= Silvester Jenks =

English Catholic priest and theologian

Silvester Jenks (c. 1656 – December 1714) was an English Catholic priest and theologian.

== Biography ==

Born in Shropshire, Jenks attended the English College, Douai, where he served as Professor of Philosophy from 1680 to 1686. He later served as a preacher to James II. After the Glorious Revolution in 1688, he fled to Flanders. Upon his return to England, he laboured as a missionary in or near London and was appointed Archdeacon of Surrey and Kent. In 1711, he was elected Vicar Apostolic of the Northern District. Bishops Giffard and Witham wrote Rome to say that Jenks had been ill, and that it would be better to defer his consecration until after parliament had been dissolved to avoid any disturbance.

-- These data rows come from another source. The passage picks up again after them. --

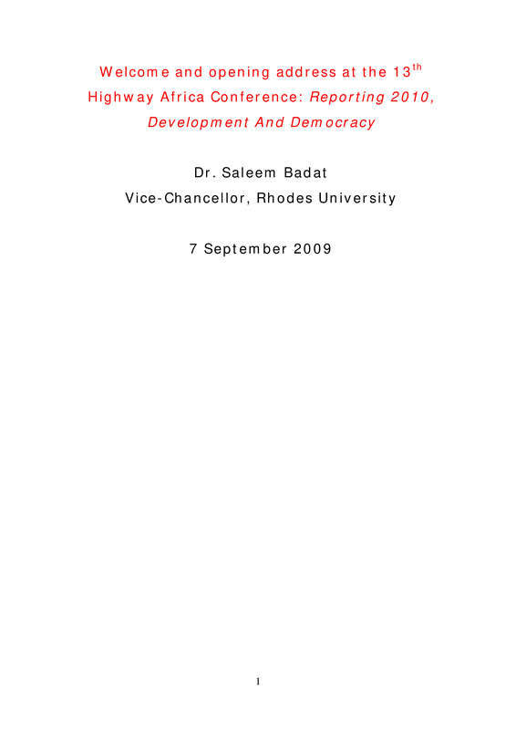 - Welcome and opening address at the 13th Highway Africa Conference: Reporting 2010, Development And Democracy
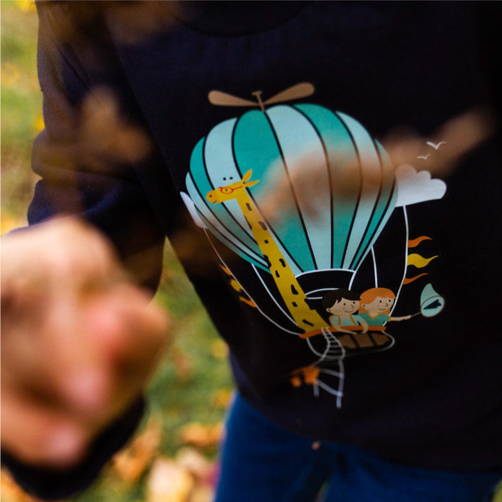 Un girafe dans une montgolfière sur un t-shirt, un chien dans une fusée sur un sweat, et des pyjamas qui murmurent des histoires avant de s’endormir. Ici, les vêtements deviennent des compagnons d’aventure, pour les petits curieux et grandes rêveuses de 2 à 8 ans.
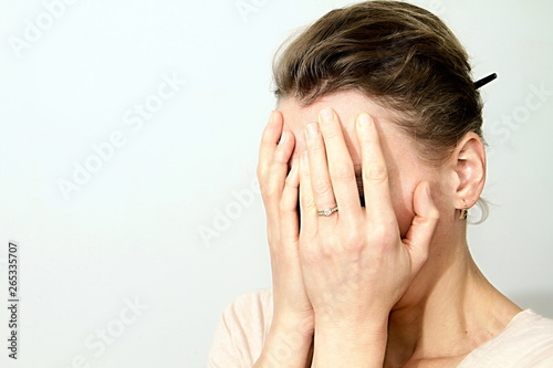 woman, young, face, portrait, hand, isolated, boy, white, sad, children, stress, beauty, person, pain, hand, expression, people, cephalalgia, head, hide, teenage, eye, human, 1, beautiful, ache, adult, attractive, background, care, caucasian, closeup, depressed, depression, exhausted, feeling, female, girl, health, hold, lady, mature
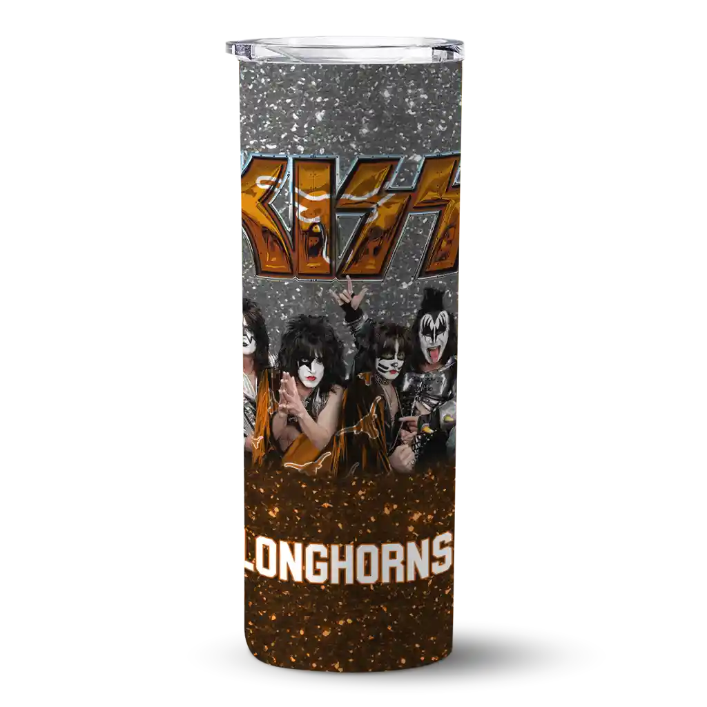 The Personalized Texas Longhorns Kiss Band White Skinny Tumbler tumbler is the perfect way to stay refreshed while showing off your pride for Texas Longhorns. With its double-wall insulation, your drinks stay at the right temperature for hours, whether you're enjoying a hot coffee or keeping your iced drink cold. What's inside? You’ll find 1 stainless steel tumbler, 1 clear lid, and 1 removable straw. It's the perfect blend of function and fan spirit! Ergonomically designed for comfort, made from durable stainless steel, and insulated to maintain your drink’s temperature, this tumbler is a must-have for any dedicated NCAA fan.
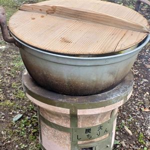 七輪でタケノコを茹でています😄 今年はシナチクも作る予定で、少し伸びた物も掘りました😁🌺🌷🐶🐱🐢
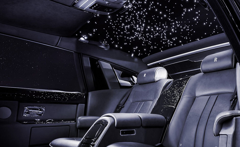 El revestimiento Shooting Star del techo sigue siendo la estrella (nunca mejor dicho) del interior, pero en el acabado Black Badge se cambia el motivo iluminado 'Ghost' del salpicadero, enfrente del pasajero, por el logotipo del infinito, que también aparece en las placas del umbral y en otros lugares del habitáculo.
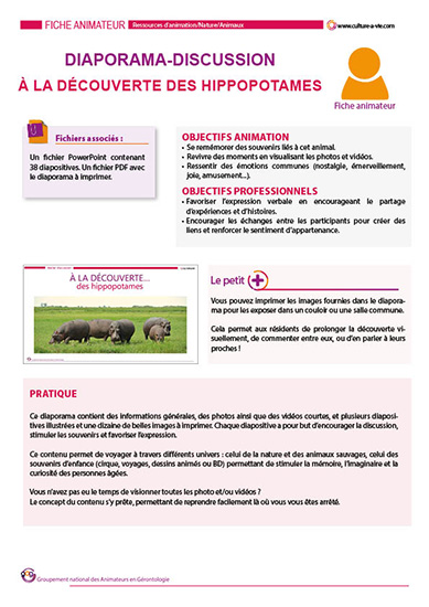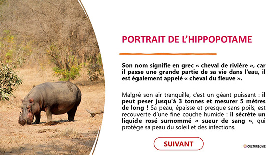 Ce diaporama, accompagné de sa fiche animateur, vous emmène à la découverte de l’hippopotame. Ses caractéristiques avec quelques infos insolites, des vidéos, un quiz et de belles images à imprimer pour continuer la discussion dans la structure autour de cet animal impressionnant. Le diaporama est disponible en format PDF mais il ne contient pas les vidéos.
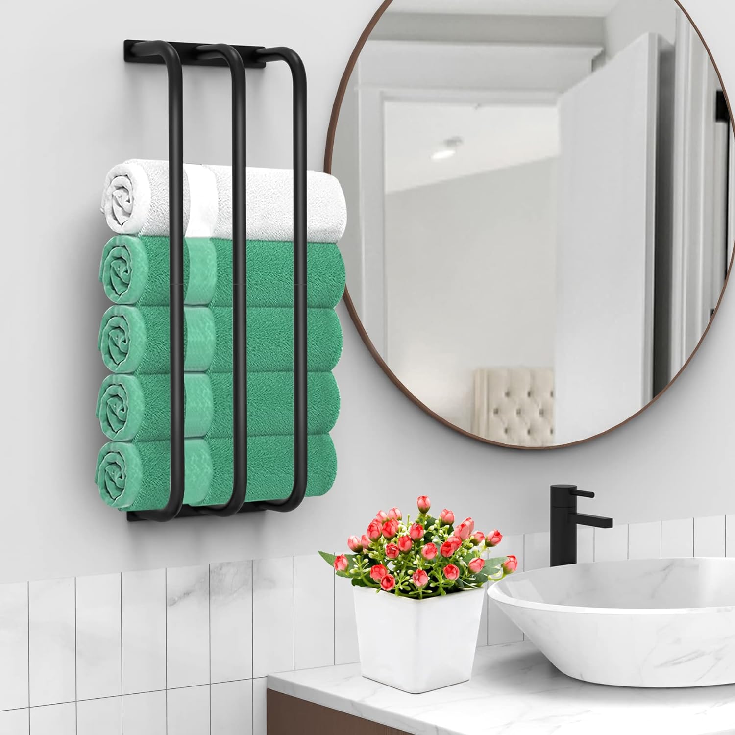 Generous towel storage: With the ability to hold up to 7 regular-sized towels or 5 extra-large bath towels, the FoverOne towel rack offers ample storage space for all family members. The wide-open design ensures easy and quick access to towels after showers.

Jenks died before being consecrated, probably in mid-December 1714.

== Works ==

Among Jenks's works are:
- A Contrite and Humble Heart
- Practical Discourses on the Morality of the Gospel
- The Blind Obedience of a Humble Penitent the Best Cure for Scruples
- The Whole Duty of a Christian
- A Short Review of the Book of Jansenius

A portrait engraved by le Pouter in 1694 is prefixed to a Paris edition of A Contrite and Humble Heart.